Timely example
This New York Times op-ed is exactly what I was talking about in this post from earlier today.
Despite significant gains in 2004, the total income Americans reported to the tax collector that year, adjusted for inflation, was still below its peak in 2000, new government data shows.
Reported income totaled $7.044 trillion in 2004, the latest year for which data is available, down from more than $7.143 trillion in 2000, new Internal Revenue Service data shows.
It has all the features that Alan Reynolds conclusively demolished as being an accurate way to analyze income data. I have only read through part of the book once, and it is still on my nightstand so I can’t refer to it now, but it goes through several techniques that Reynolds completely destroyed.

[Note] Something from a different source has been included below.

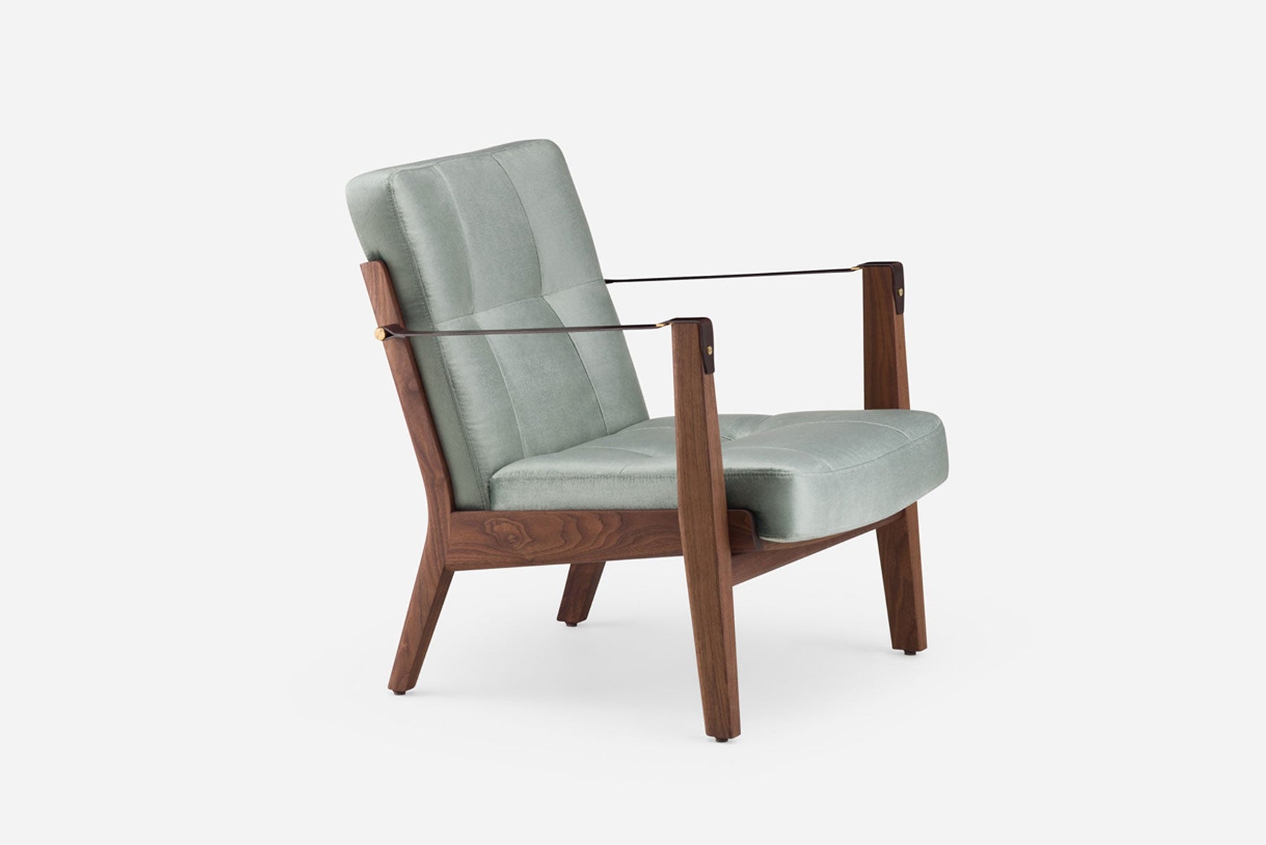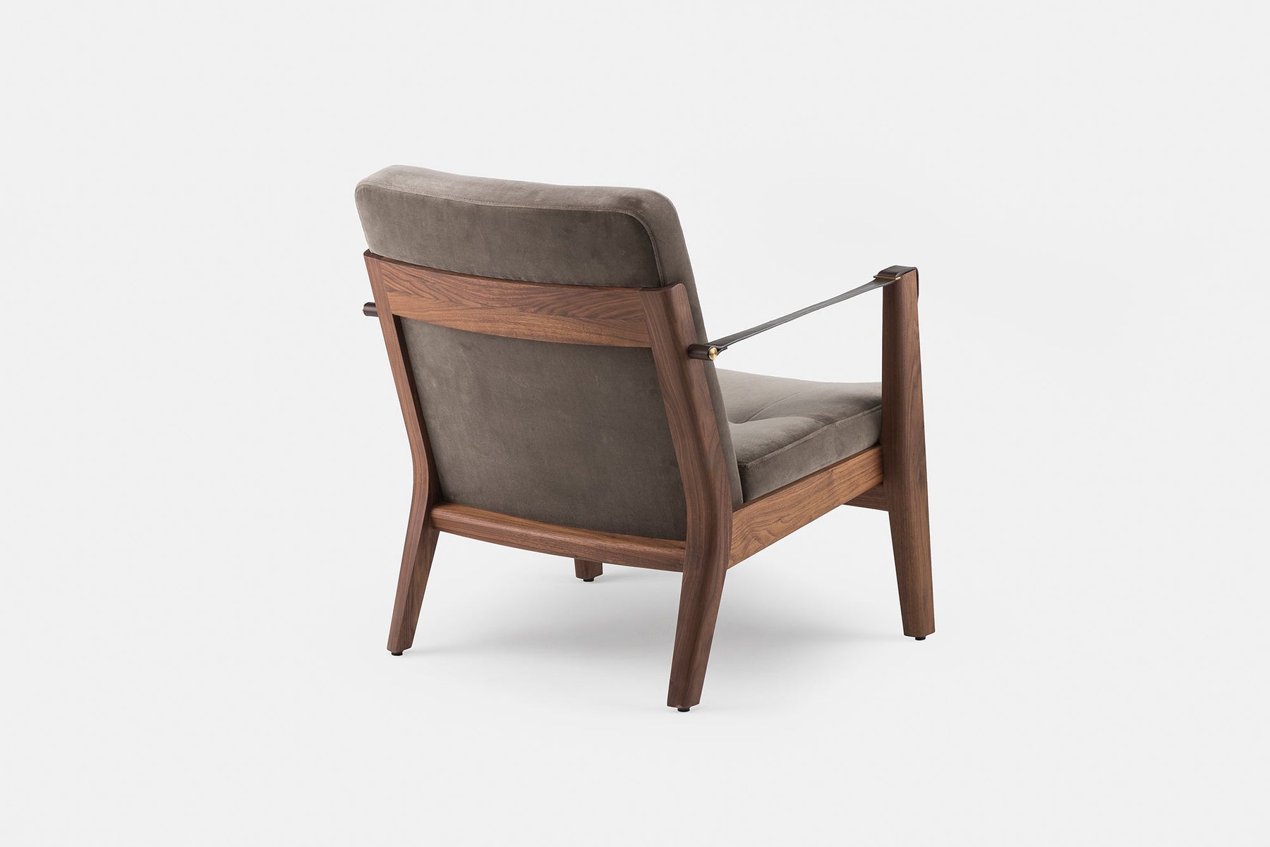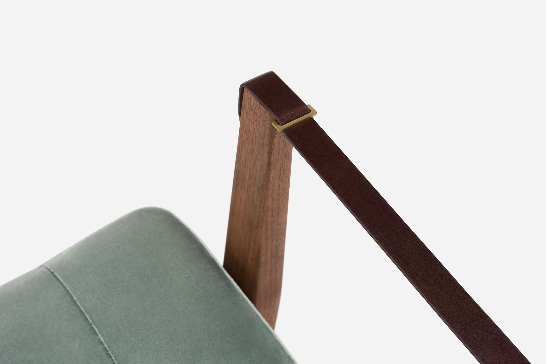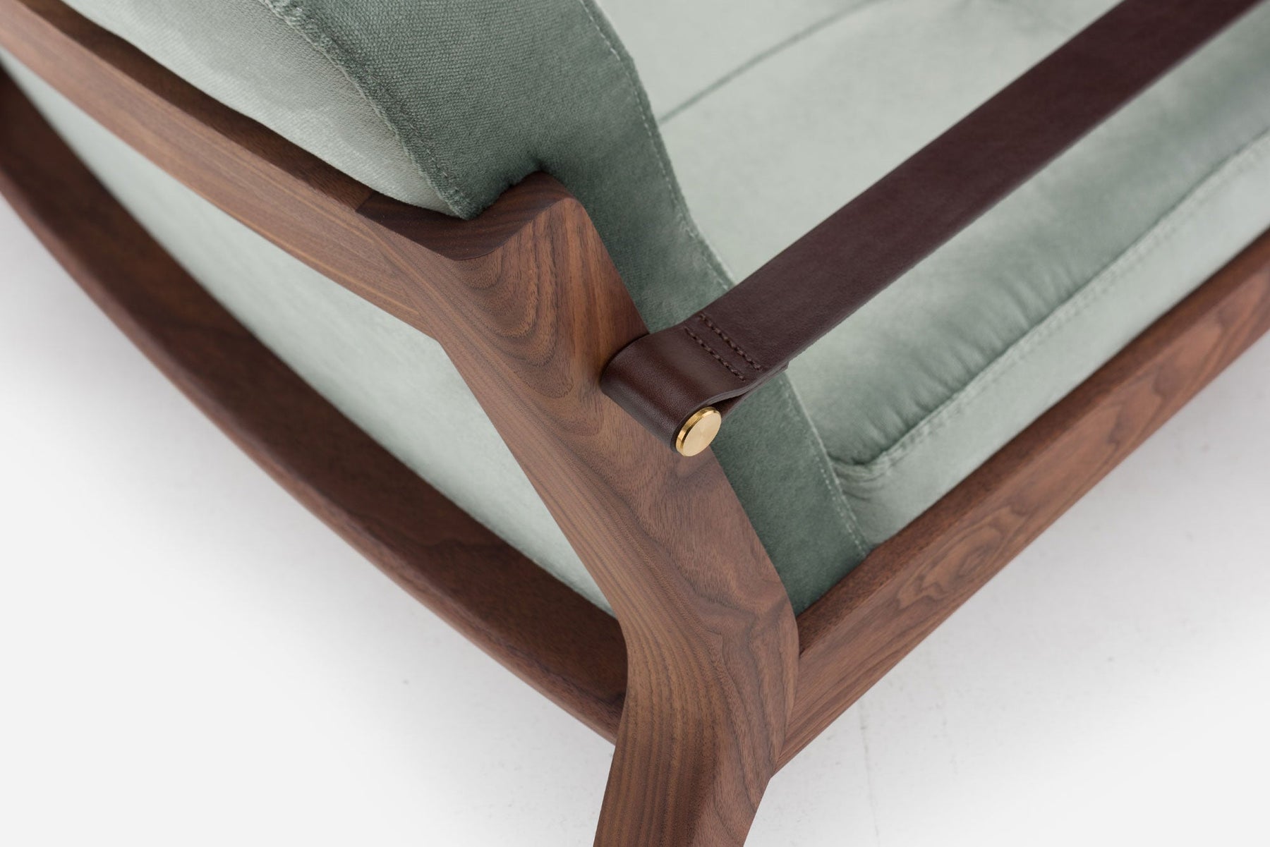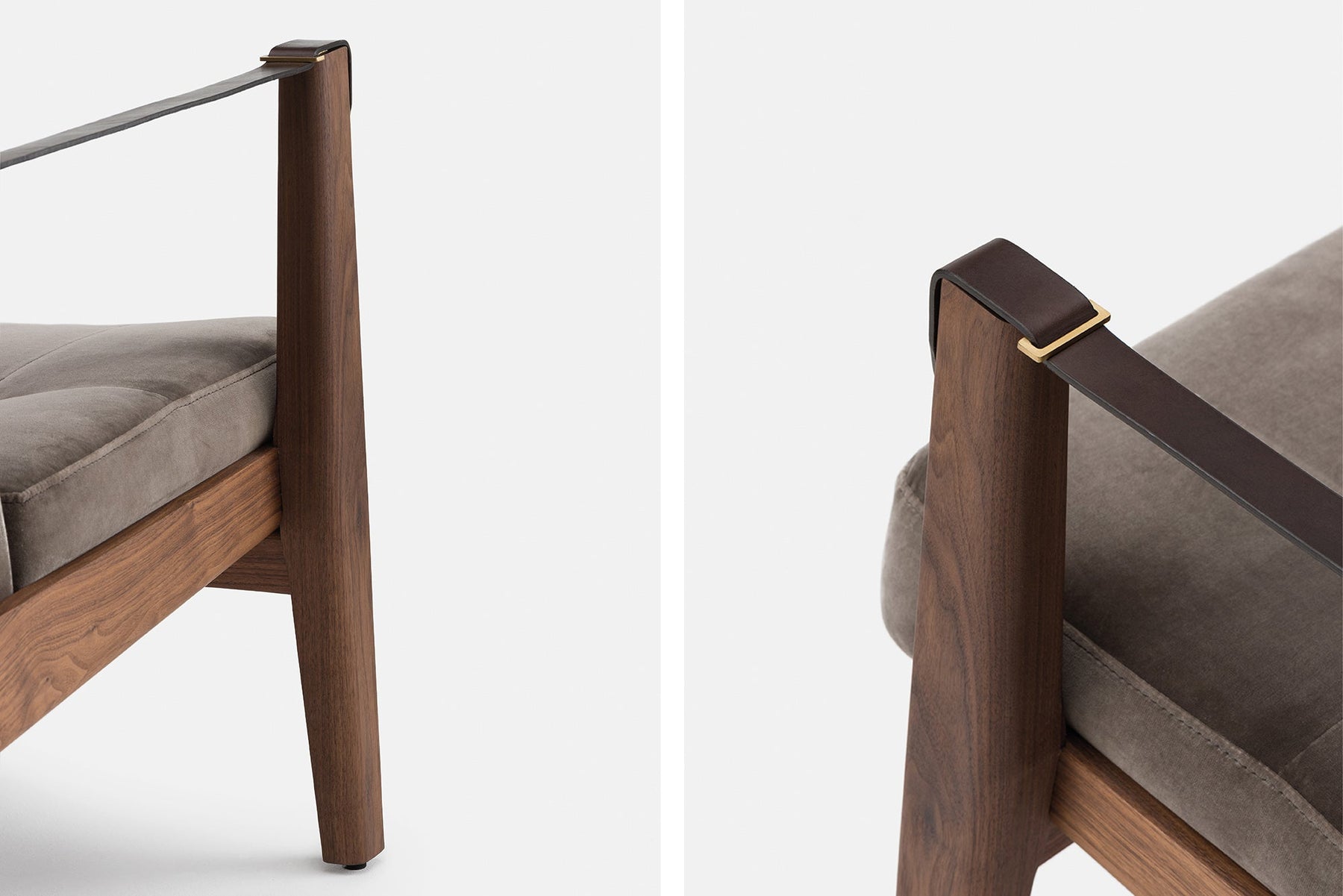 Available in black walnut, white oak, or ash in a range of finishes, and a range of fabric and leather options. Leather belting strap arms in black or brown with brass-coloured PVD detailing. See menus below for further material information.

I wish I had gained the expertise to demonstrate this myself, right now I only know enough to recognize this as bs when I see it.



The New York Times piece about income reported on tax return simply proved what we already know — namely, that stock prices were higher in 2000 than in 2004.
Reported income includes one-time windfalls from exercised stock options and realized capital gains, both of which peaked with tech stocks in early 2000. Even as stocks started to fall in 2000 and 2001, there were still many long-term capital gains “realized” (cashed-in)from older investments as stockholders rushed for the exit.
As one of those investors, I reported the most “income” ever to the IRS in 2000, even as the market value of my lifetime savings fell by nearly a third.